Как же Ваш отец стал филологом?

До войны он учился в станко-инструментальном институте и добровольно ушёл в армию. А потом он учился заочно. Приходили преподаватели в те времена. Были всякие «шефы» — студенты и студентки — которые ходили навещать в госпитали, как тогда говорили, «ранбольных», и вот он окончил с отличием филологический факультет, потом закончил аспирантуру. Он был специалистом по советскому историческому роману. Защитил по этой теме диссертацию. Это уже, по-моему, где-то 1965 или 1966 год — он уже работал здесь, но работал на полставки, да и зарплаты тогда были маленькие, пенсии тоже небольшие. Умер он (представьте себе, как время летит) 30 лет назад, в 1990 году, вас ещё не было на свете. Он был человеком, как теперь бы сказали, героической судьбы, железной воли, конечно. Жизнь его была очень сложна, в нашей семье было на две руки и на две ноги меньше. Он дожил до 67 лет, будучи весь израненным и совершенно нездоровым человеком физически. Но к нему приходили люди, и все, кто с ним общался, получали, как потом выяснилось, заряд душевной энергии.

Он не мог со мной ходить гулять, поэтому у нас было строго: я «выгуливался» в детстве сам. На окно ставилась настольная лампа. Если она загоралась, то это значило, что надо идти домой. У нас с ним были особые отношения всю жизнь: нельзя было ходить через дорогу с мальчишками, например — и это была такая «клятва при гробе Господнем» — нарушать нельзя было. Он был очень мудрым человеком и компенсировал свои физические недостатки этой мудростью, какими-то интеллектуальными способностями. Можете себе представить, он умел чинить часы без рук. Почерк у него был в десятки раз красивее, чем у меня. Он писал красиво, совершенно читабельно. Прочитать, что писала моя мама-врач, было практически невозможно, как древнерусскую скоропись. А у него красивый был почерк. То есть он занимался даже рукомеслом каким-то, когда хотел. На руку надевалась такая манжетка, куда вставлялась ручка, и он мог писать. Прикуривал он, я помню, выдвигая немножко ящик письменного стола, туда зажимал спичечный коробок, и вот так зажигал спичку, потом вынимал, клал коробок, на него изо рта папиросу клал. Такие сейчас вспоминаются детские впечатления.

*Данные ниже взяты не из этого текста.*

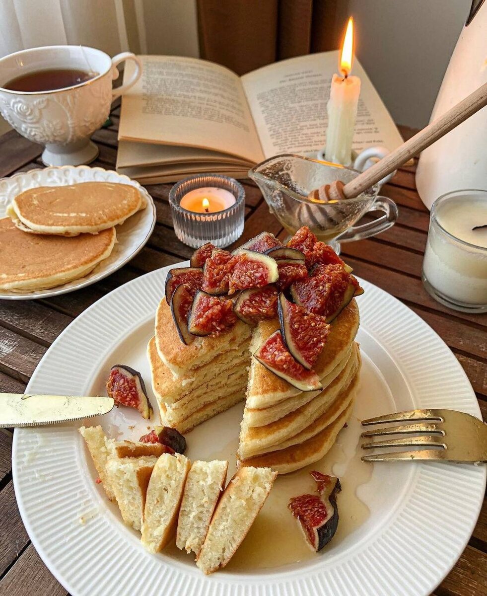 3. Жарим на сухой сковороде на маленьком огне. Переворачиваем панкейк тогда, когда начнут появляться пузырьки.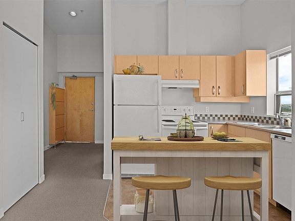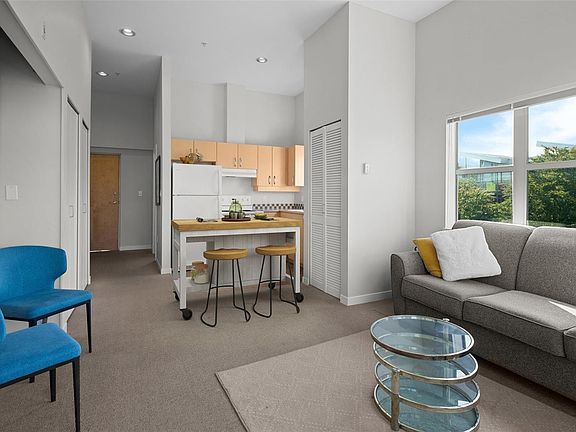 Top-Floor Corner Unit at Regatta Landing! This bright and airy home features vaulted ceilings and expansive windows, filling the open-concept layout with natural light. With only one shared wall, you'll enjoy added privacy and tranquility. Highlights include in-suite laundry, a built-in Murphy bed, a dedicated parking stall, and a separate storage locker. The well-managed building is organized around a unique open-air central courtyard, has no age limit, and allows pets of any size. Ideally situated at the edge of the Railyards, outdoor enthusiasts will love the direct access to the Galloping Goose Trail and the nearby dock for swimming or paddleboarding. All this, just moments from Downtown Victoria—close enough to enjoy the best amenities yet tucked away from the noise. This one checks all the boxes!

Поскольку у отца были такие же фронтовые и не фронтовые друзья из его же поколения, я могу сказать, что у всех, кто был на войне, чего-то не хватало. На вид, может быть, у человека всё в порядке — руки-ноги при нем. А про кого-то говорилось, что у него трёх рёбер нет. Я помню, что к нам в гости приходил мужчина старше его, и я в детстве не понимал, почему он не может столовую ложку с супом нормально донести до рта. Потому что его так контузило, что он полтора года не мог говорить вообще, потом какая-то женщина научила его разговаривать. Он приходил в гости с женой — а первого мужа у этой женщины убило на войне, и это было сначала смешно наблюдать (хотя я не смеялся), но я просто не мог понять — а потом оказалось, что его засыпало в блиндаже большим снарядом, все погибли, а он остался жив. Когда он волновался или какие-то такие движения осуществлял — из ложки две трети, пока до рта доносил, выливалось. У всех чего-то не было: у кого — ноги, у кого — руки. Вот человек, садясь на велосипед, надевает на руль чёрную резиновую руку. Сейчас говорят о каких-то посттравматических синдромах, а тогда у всей страны был посттравматический синдром. Благодаря моей матери и её медицинскому уходу отец прожил шестьдесят семь лет. По нынешним временам это, может, и не так уж много. Помните, был такой политик, над которым посмеивались, о котором рассказывали анекдоты, как он там чавкал… Могу сказать, что при нём пенсия участникам войны — а он и сам прошёл войну — и инвалидам была увеличена в разы, и к тридцатилетию победы было разрешено работать инвалидам на полную ставку. Материальное благосостояние где-то к середине семидесятых годов изменилось благодаря этим решениям в значительно лучшую сторону. Выдавали инвалидам «Запорожец» с ручным управлением. Когда я был ребёнком, водила мать, а потом я. Моим правам уже почти сорок пять лет.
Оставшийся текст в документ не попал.